Dicladispa testacea, also known as the prickly rockrose leaf beetle, is a species of leaf beetle.

== Description ==
Dicladispa testacea is a brownish orange beetle, with an exoskeleton covered in black spines. Mature individuals can reach a length of around 5mm long. This species produces yellowish-white, oval-shaped eggs. The female beetle bores a hole into the underside of a host plant leaf, where it will then lay up to two eggs. The larvae of Dicladispa testacea are herbivorous, feeding on the leaves of the host plant and producing leaf mines.

== Distribution ==
Dicladispa testacea is distributed across much of Europe and the eastern Mediterranean. In Europe the species has been recorded to live in Albania, Bulgaria, Croatia, France, Greece, Italy, Portugal, Spain, Switzerland, Serbia and Montenegro, the United Kingdom and Turkey.
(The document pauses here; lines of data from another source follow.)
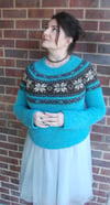 This is a pattern for a jumper worked from the top down and in the round, with a circular yoke, and using the stranded colourwork technique. Yoke, body, and sleeve motifs are charted. Familiarity with charts, using multiple repeats withing a chart, and extending patterning is helpful with this project.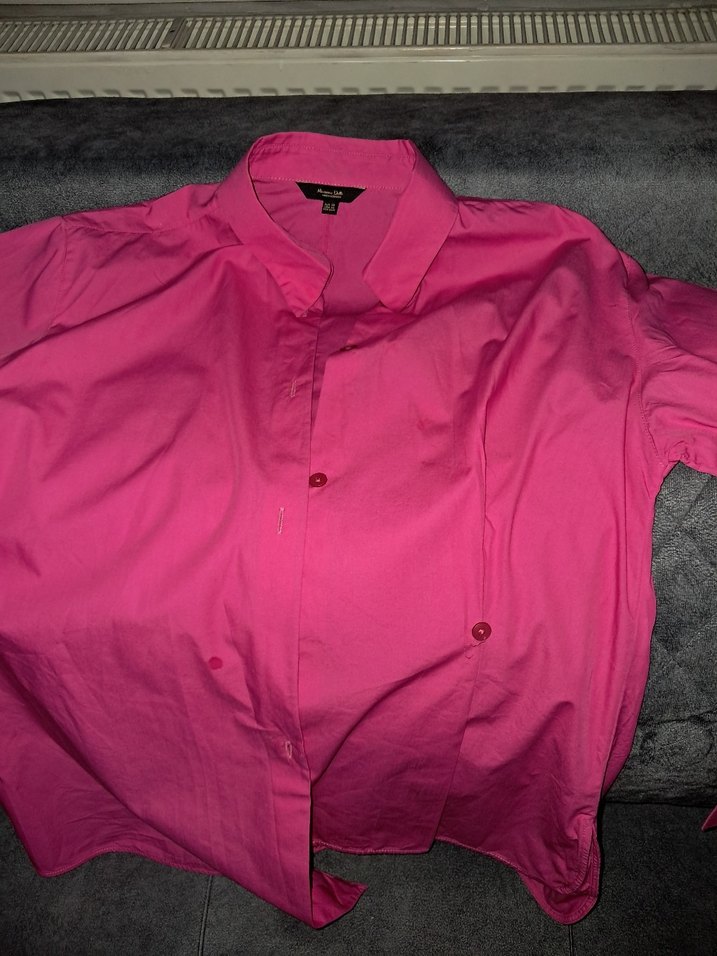 Düğmeli, yakalı ve uzun kollu, dar kesim pembe keten gömlek. Parlak görünümlü, günlük rahat kullanıma uygun.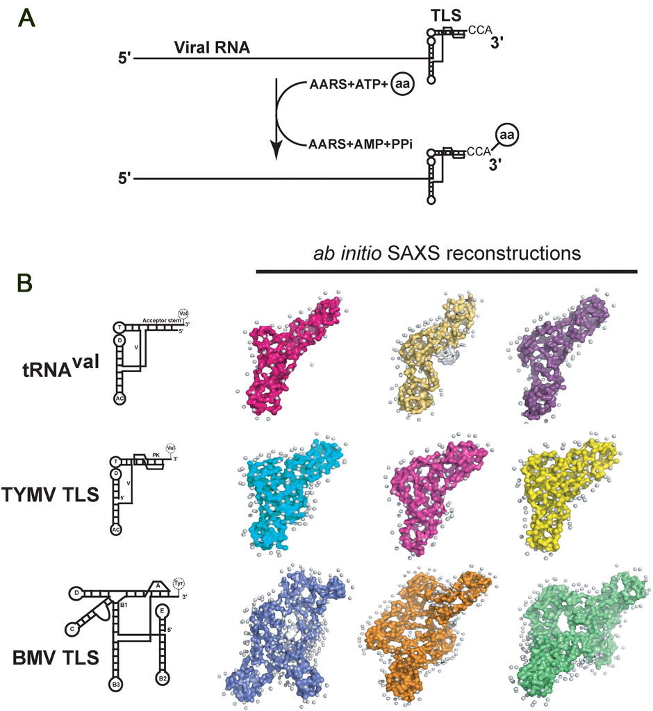 Certain economically important plant-infecting RNA virus genomes become aminoacylated at their 3' ends by the host cell's aminoacyl-tRNA synthetases (AARSs) (Figure 3). This reaction depends on RNA sequences, called tRNA-like structures (TLSs), that reside at the 3' end of the genome and that can have sequences and secondary/tertiary structures that differ substantially from authentic tRNAs. TLSs interact with AARSs and other proteins to include the viral RNA-dependent RNA polymerases (RDRPs). It has been proposed that TLSs regulate several steps in the viral replication cycle. This raises two questions: What are the three-dimensional structures and structural dynamics that allow this multifunctionality? How are structurally divergent TLSs able to recruit and manipulate the host cells AARSs? Using biophysical methods such as small-angle x-ray scattering combined with biochemical assays and x-ray crystallography, we are seeking a deeper understanding of these virally encoded molecular mimics, with the long-term goal of understanding how viral RNAs manipulate the cellular machinery (Figure 3).

In Asia the species has been recorded to live in Cyprus, Israel, Lebanon, Syria and Turkey. In North Africa the species has been recorded to live in Algeria, Morocco and Tunisia.

== Habitat ==
Dicladispa testacea is monophagous, feeding exclusively on plants within the family Cistaceae, particularly species within the genus Cistus and Helianthemum. This species can occasionally be found inhabiting gardens where its host plants are cultivated for ornamental purposes.